The time parameter indicates the simulation time at which sampling occurs. If set to 0, it is ignored, and the simulation proceeds as long as necessary I nodes to become infected. Likewise, if I is set to 0, the simulation proceeds until the specified time has been reached regardless of how large the epidemic gets. If I and time are both 0, then the simulation will always continue until there are no more discordant edges in the network. You cannot specify exact values for time or I unless the other is zero.

These are the distributions currently supported for specifying priors. Currently, joint priors are not supported, so you must list priors for each parameter independently. The "delta" distribution is the Dirac delta, equivalent to specifying an exact value. All distributions are continuous except "poisson" and "discrete_uniform", which are for discrete-valued parameters.

Some distributions, such as the exponential distribution, are lower-bounded by zero. The parameter called "shift" allows you to specify a different lower bound, shifting the entire distribution. In other words, if the pdf of a distribution is given by f(x), the shift parameter will modify the pdf to be f(x) + shift. Similarly, the beta distribution is defined on the region [0, 1]. We introduce a parameter "scale" which scales the whole distribution, so that it is defined on $[shift, shift + scale]$ instead.

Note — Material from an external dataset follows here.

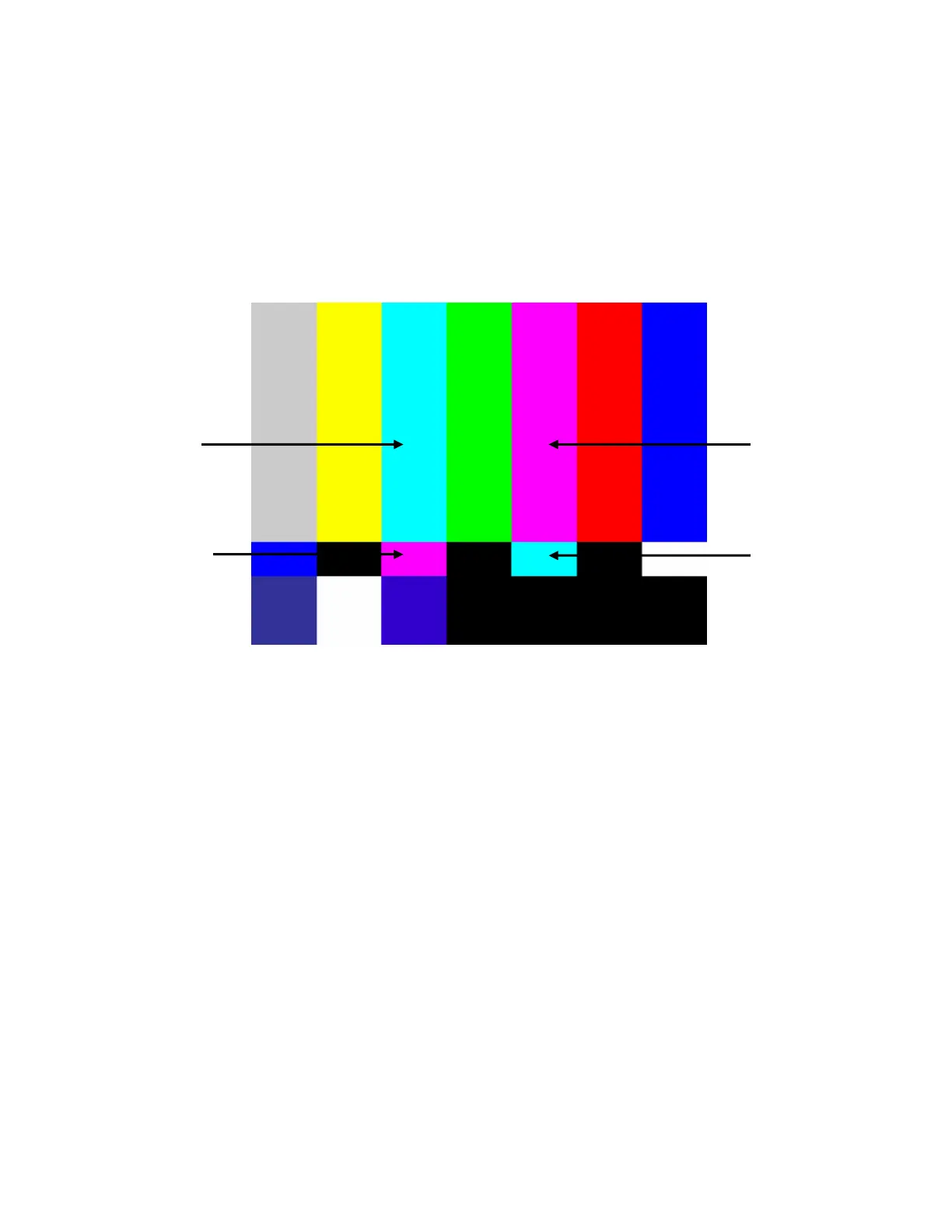 blue filter. Compare the light level of the large top cyan and magenta bars with the small bars

Some distributions can be parameterized multiple ways. I tried to keep the below table consistent Wikipedia.

distribution parameters
uniform a (lower limit), b (upper limit)
gaussian μ (mean), σ (variance)
delta shift
exponential shift, λ (rate)
laplace μ (location), b (scale)
exponential_power μ (location), α (scale), β (shape)
cauchy x0 (location), γ (scale)
rayleigh shift, σ (scale)
gamma k (shape), θ (scale)
lognormal μ (location), σ (scale)
chi_squared shift, k (degrees of freedom)
f shift, d1 (first degrees of freedom), d2 (second degrees of freedom)
student_t shift, ν (degrees of freedom)
beta shift, α (first shape), β (second shape), scale
logistic μ (location), s (scale)
pareto xm (scale), α (shape)
weibull shift, λ (scale), k (shape)
poisson shift, λ (variance)
discrete_uniform a (lower limit, inclusive), b (upper limit, inclusive)

Adding new models

To maintain the speed of the program, it is necessary to directly modify the C code if you want to add a new network model. All the model-specific code is in src/netabc.c. At this stage, the procedure to add a new model is somewhat involved.

  1. Add a new element to the net_type enum for your new model.
  2. Append the number of model parameters it has to the global NUM_PARAMS array.
  3. Add elements to the net_parameter enum for all the model's parameters.
  4. Add the parameters' names to the PARAM_NAMES array.
  5. Indicate whether the parameters are continuous or discrete in the PARAM_DISCRETE array.
  6. Modify the get_options() function to accept an abbreviation for your network type on the command line. Look for the line opts.net = NET_TYPE_PA and add something similar. Add the abbreviation to the usage() function.
  7. Add code to simulate a network under your model in the sample_dataset() function. Look for the line case NET_TYPE_PA: and add something similar.